Alfred Markim (born Alfred D. Moskowitz; May 22, 1927 – November 24, 2015) was an American film and television actor, best known for his role as Astro in the 1950s live, sci-fi television series, Tom Corbett, Space Cadet. His lead character, Astro, was an engineer and scientist from Venus on the show. He transitioned to television production during the 1960s and was inducted into the Video Hall of Fame in 1996.

== Early life and career ==
Markim was born and raised in Wilkes-Barre, Pennsylvania. He served in the United States Army during World War II and was present at the post-war Nuremberg trials. He became an actor following the war, appearing in the off-Broadway production of La Ronde and early episodes of the CBS soap opera, Love of Life.

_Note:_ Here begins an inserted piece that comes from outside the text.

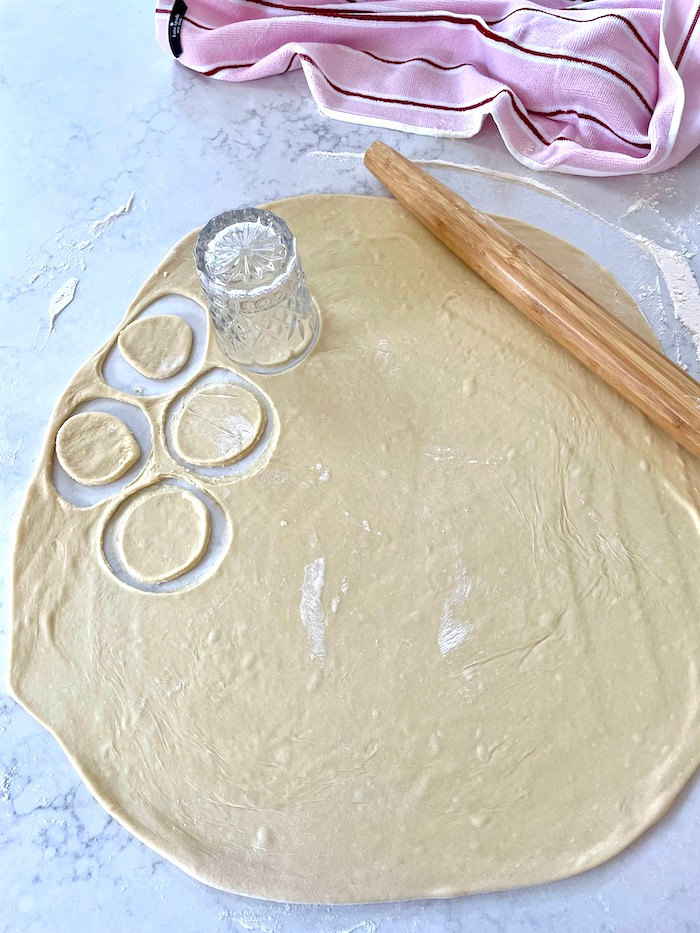 - Stamp out the dough circles. Use a cookie cutter or cup to stamp out small circles in the dough.

Markim appeared in the lead role of Astro in the popular sci-fi television series, Tom Corbett, Space Cadet, which aired from 1950 to 1955. The series, which was broadcast live from a New York City studio, aired on all four of the existing television networks of the era - CBS, ABC, NBC, and the DuMont Television Network.

== Achievements ==
Markim transitioned from acting to television production during the 1960s. He became MGM's executive in charge of production, from which he oversaw the production of the 1964 film, The Pawnbroker, as well as being associate producer of The Fool Killer in 1965. He co-founded his company, Teletronics, in 1968, which later partnered with Sony. His company later became the Video Corporation of America, which ultimately merged with Technicolor. In 1996, Markim was inducted into the Video Hall of Fame.

==Personal life==
He and his wife Sondra had five children. Markim, a resident of Piermont, New York, died on November 24, 2015, at the age of 88.